# Special Prime price for Veterans



## Ann in Arlington (Oct 27, 2008)

If you are a US military veteran, or Active duty including National Guard and Reserve, you can get one year of Prime membership for $79. Which is a good savings off the regular yearly price of $119.

Prime for Veterans

If you are already a Prime member, the year will be added on to your existing membership.

You need to be able to provide your name and birthdate. If you're no longer active, you need to provide your discharge date.

You can 'attempt verification' 3 times. Once you've tried once, if it's not accepted, they provide a dedicated email address so you can work it out that way.

If you have to go the email route, don't bother getting too detailed in your first message as the first response is a message asking for the same information as on the web page.  Ask me how I know? 

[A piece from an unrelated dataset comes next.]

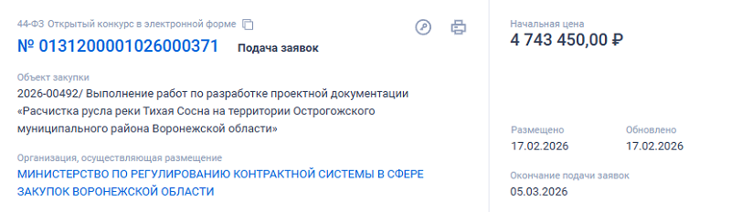В системе Госзакупок появился тендер на разработку документации для проекта «Расчистка русла реки Тихая Сосна в Острогожском районе». Торги на понижение с проектировщиками начинаются с суммы в 4,7 млн рублей. Это на создание документов, не на саму расчистку.

eta: the promotion is available from yesterday, November 6, through Veterans day, November 11. Probably only for US veterans. If you are on Amazon and click on the 'prime' link at the upper right, you should see a link as well to the promotion.


----------



## Ann in Arlington (Oct 27, 2008)

Well, that was dead easy.

As you might have surmised, they were not able to verify my eligibility when I filled out the web page form. When asked, I sent the exact same information via email and within a minute received a response that I was now verified with a link to follow. Sure enough, it said I was good to go and all I had to do was click the 'continue' button and pay the $79 the usual way. Cool!


----------



## The Hooded Claw (Oct 12, 2009)

To my shock, they verified my eligibility off of my form in moments, no problem. The funny thing is that I learned about this offer literally the day after I renewed my Prime for another year! My membership was extended as promised, so at least I won’t have to worry about Prime for two years....


----------



## Ann in Arlington (Oct 27, 2008)

Yeah, I'm not sure what, exactly they verify. It's not like they asked for a social security number. My membership would be up next January; I, too, am happy to not have to worry about it until 2021!


----------